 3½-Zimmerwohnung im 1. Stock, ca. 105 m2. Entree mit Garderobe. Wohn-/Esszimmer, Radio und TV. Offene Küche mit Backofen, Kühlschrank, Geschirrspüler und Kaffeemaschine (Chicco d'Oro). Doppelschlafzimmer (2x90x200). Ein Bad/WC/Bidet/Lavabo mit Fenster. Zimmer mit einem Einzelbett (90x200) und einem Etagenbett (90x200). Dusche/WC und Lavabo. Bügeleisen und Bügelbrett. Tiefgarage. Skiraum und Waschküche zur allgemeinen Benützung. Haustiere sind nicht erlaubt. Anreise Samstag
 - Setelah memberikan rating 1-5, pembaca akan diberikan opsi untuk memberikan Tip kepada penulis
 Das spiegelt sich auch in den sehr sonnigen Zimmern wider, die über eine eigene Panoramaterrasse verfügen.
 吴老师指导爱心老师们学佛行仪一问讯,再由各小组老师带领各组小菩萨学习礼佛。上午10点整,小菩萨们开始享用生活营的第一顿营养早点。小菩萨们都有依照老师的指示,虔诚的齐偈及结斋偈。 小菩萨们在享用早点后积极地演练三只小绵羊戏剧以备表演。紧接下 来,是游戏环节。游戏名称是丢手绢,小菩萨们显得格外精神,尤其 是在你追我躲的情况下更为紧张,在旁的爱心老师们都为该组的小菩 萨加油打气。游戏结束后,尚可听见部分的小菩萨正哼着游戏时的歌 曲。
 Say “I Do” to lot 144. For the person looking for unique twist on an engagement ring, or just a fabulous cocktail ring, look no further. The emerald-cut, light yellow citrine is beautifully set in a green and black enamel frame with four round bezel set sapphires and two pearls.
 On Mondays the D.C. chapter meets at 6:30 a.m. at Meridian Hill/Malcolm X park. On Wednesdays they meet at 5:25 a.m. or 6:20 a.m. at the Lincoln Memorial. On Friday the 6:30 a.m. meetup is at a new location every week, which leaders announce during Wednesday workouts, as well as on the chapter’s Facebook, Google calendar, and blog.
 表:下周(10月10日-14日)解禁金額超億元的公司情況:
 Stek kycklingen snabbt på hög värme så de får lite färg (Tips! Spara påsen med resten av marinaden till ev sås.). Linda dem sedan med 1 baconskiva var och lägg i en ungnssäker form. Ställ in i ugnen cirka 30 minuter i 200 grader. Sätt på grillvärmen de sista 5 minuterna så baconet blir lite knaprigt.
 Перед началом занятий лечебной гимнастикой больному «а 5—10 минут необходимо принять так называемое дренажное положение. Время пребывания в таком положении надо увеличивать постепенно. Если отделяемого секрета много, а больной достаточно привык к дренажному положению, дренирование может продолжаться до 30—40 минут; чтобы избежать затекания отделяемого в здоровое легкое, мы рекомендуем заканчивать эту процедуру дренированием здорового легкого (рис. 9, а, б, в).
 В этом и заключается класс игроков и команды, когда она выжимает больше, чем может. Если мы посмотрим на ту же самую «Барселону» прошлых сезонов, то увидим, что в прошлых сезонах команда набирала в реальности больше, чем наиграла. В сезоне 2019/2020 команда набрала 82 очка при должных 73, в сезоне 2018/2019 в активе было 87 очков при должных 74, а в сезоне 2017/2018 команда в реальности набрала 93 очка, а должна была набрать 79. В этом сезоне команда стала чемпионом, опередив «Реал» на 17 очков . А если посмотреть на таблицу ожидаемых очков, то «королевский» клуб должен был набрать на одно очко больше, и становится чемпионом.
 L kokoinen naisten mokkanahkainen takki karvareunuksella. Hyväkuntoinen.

+++

TASK TO CARRY OUT
Retype the material. Keep it exact.

WRITTEN SOLUTION
 3½-Zimmerwohnung im 1. Stock, ca. 105 m2. Entree mit Garderobe. Wohn-/Esszimmer, Radio und TV. Offene Küche mit Backofen, Kühlschrank, Geschirrspüler und Kaffeemaschine (Chicco d'Oro). Doppelschlafzimmer (2x90x200). Ein Bad/WC/Bidet/Lavabo mit Fenster. Zimmer mit einem Einzelbett (90x200) und einem Etagenbett (90x200). Dusche/WC und Lavabo. Bügeleisen und Bügelbrett. Tiefgarage. Skiraum und Waschküche zur allgemeinen Benützung. Haustiere sind nicht erlaubt. Anreise Samstag
 - Setelah memberikan rating 1-5, pembaca akan diberikan opsi untuk memberikan Tip kepada penulis
 Das spiegelt sich auch in den sehr sonnigen Zimmern wider, die über eine eigene Panoramaterrasse verfügen.
 吴老师指导爱心老师们学佛行仪一问讯,再由各小组老师带领各组小菩萨学习礼佛。上午10点整,小菩萨们开始享用生活营的第一顿营养早点。小菩萨们都有依照老师的指示,虔诚的齐偈及结斋偈。 小菩萨们在享用早点后积极地演练三只小绵羊戏剧以备表演。紧接下 来,是游戏环节。游戏名称是丢手绢,小菩萨们显得格外精神,尤其 是在你追我躲的情况下更为紧张,在旁的爱心老师们都为该组的小菩 萨加油打气。游戏结束后,尚可听见部分的小菩萨正哼着游戏时的歌 曲。
 Say “I Do” to lot 144. For the person looking for unique twist on an engagement ring, or just a fabulous cocktail ring, look no further. The emerald-cut, light yellow citrine is beautifully set in a green and black enamel frame with four round bezel set sapphires and two pearls.
 On Mondays the D.C. chapter meets at 6:30 a.m. at Meridian Hill/Malcolm X park. On Wednesdays they meet at 5:25 a.m. or 6:20 a.m. at the Lincoln Memorial. On Friday the 6:30 a.m. meetup is at a new location every week, which leaders announce during Wednesday workouts, as well as on the chapter’s Facebook, Google calendar, and blog.
 表:下周(10月10日-14日)解禁金額超億元的公司情況:
 Stek kycklingen snabbt på hög värme så de får lite färg (Tips! Spara påsen med resten av marinaden till ev sås.). Linda dem sedan med 1 baconskiva var och lägg i en ungnssäker form. Ställ in i ugnen cirka 30 minuter i 200 grader. Sätt på grillvärmen de sista 5 minuterna så baconet blir lite knaprigt.
 Перед началом занятий лечебной гимнастикой больному «а 5—10 минут необходимо принять так называемое дренажное положение. Время пребывания в таком положении надо увеличивать постепенно. Если отделяемого секрета много, а больной достаточно привык к дренажному положению, дренирование может продолжаться до 30—40 минут; чтобы избежать затекания отделяемого в здоровое легкое, мы рекомендуем заканчивать эту процедуру дренированием здорового легкого (рис. 9, а, б, в).
 В этом и заключается класс игроков и команды, когда она выжимает больше, чем может. Если мы посмотрим на ту же самую «Барселону» прошлых сезонов, то увидим, что в прошлых сезонах команда набирала в реальности больше, чем наиграла. В сезоне 2019/2020 команда набрала 82 очка при должных 73, в сезоне 2018/2019 в активе было 87 очков при должных 74, а в сезоне 2017/2018 команда в реальности набрала 93 очка, а должна была набрать 79. В этом сезоне команда стала чемпионом, опередив «Реал» на 17 очков . А если посмотреть на таблицу ожидаемых очков, то «королевский» клуб должен был набрать на одно очко больше, и становится чемпионом.
 L kokoinen naisten mokkanahkainen takki karvareunuksella. Hyväkuntoinen.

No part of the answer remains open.